Bunny back from the brink
PUBLISHED: 17:58 25 April 2014 | UPDATED: 21:07 29 April 2014
Q- We recently lost a bunny, with another poorly. Advice from the Web is mostly directed at pets, often advising rushing bunny to the vet, not economically viable for a
meat rabbit on a marginal smallholding.
A - Rabbits have simple stomachs like ours, but their caecum (like our appendix) is large and involved in fermenting roughage (like a cow’s first stomach). Rabbits need roughage in the diet from sources such as hay.

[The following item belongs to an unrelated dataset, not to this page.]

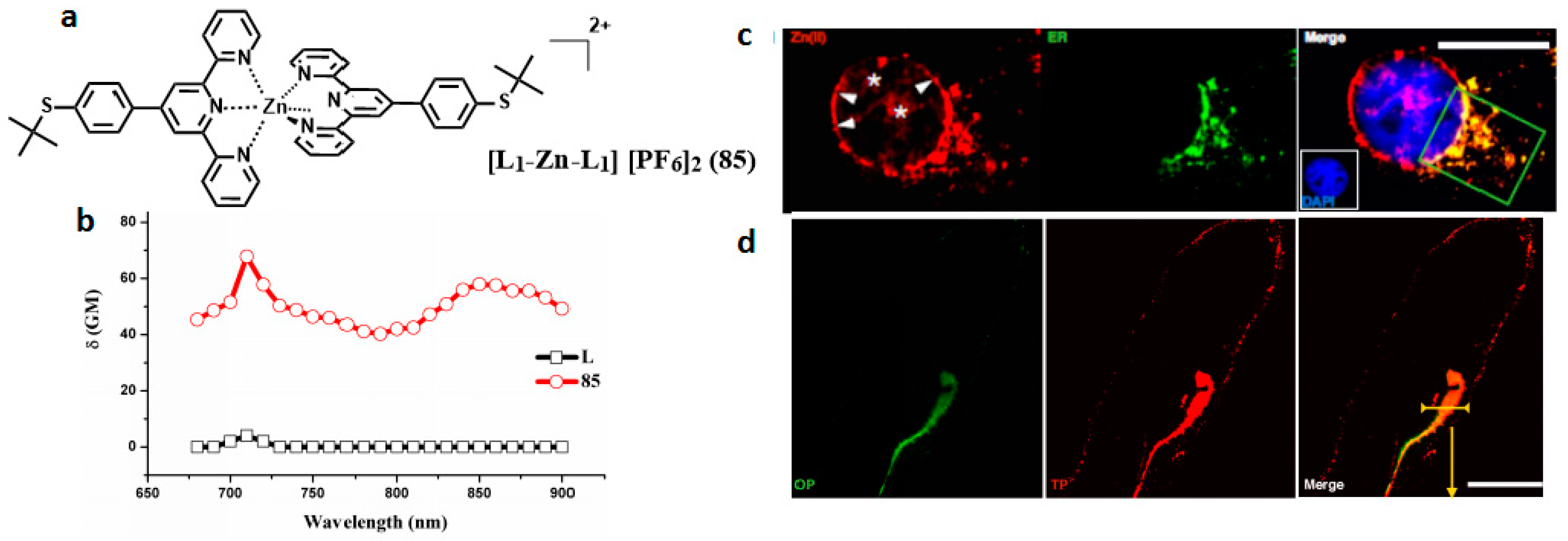 - Shi, P.F.; Jiang, Q.; Zhao, X.S.; Zhang, Q.; Tian, Y.P. Study of the one-photon and two-photon properties of two water-soluble terpyridines and their zinc complexes. Dalton Trans. 2015, 44, 8041–8048. [Google Scholar] [CrossRef] [PubMed]
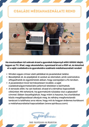 Ha mostanában Te is túl soknak érzed a képernyő előtt töltött időt, legyen az TV, iPad vagy okostelefon, nyomtasd ki ezt a PDF-et, és készítsd el ezt a saját családodra és gyerekeidre szabható médiahasználati rendet!

Any changes in diet need to be gradual as it will affect the microbial flora in the caecum; if the gut cannot process a new food properly, gas will accumulate. Feeds which are rich and too easily passed through the stomach can also result in diarrhoea and/or gas accumulation. Any gas accumulation and alterations in gut motility can cause colic and become serious. If the gut is static (ileus) which is normally the case, a vet can prescribe Metaclopramide which will ‘kick start’ the gut. Laxatives are of questionable use as the issue is not normally faecal consistency – it’s about gut motility. Keeping your rabbit well hydrated with an electrolyte solution is of utmost importance. Massaging as you did may aid gas removal and is recommended.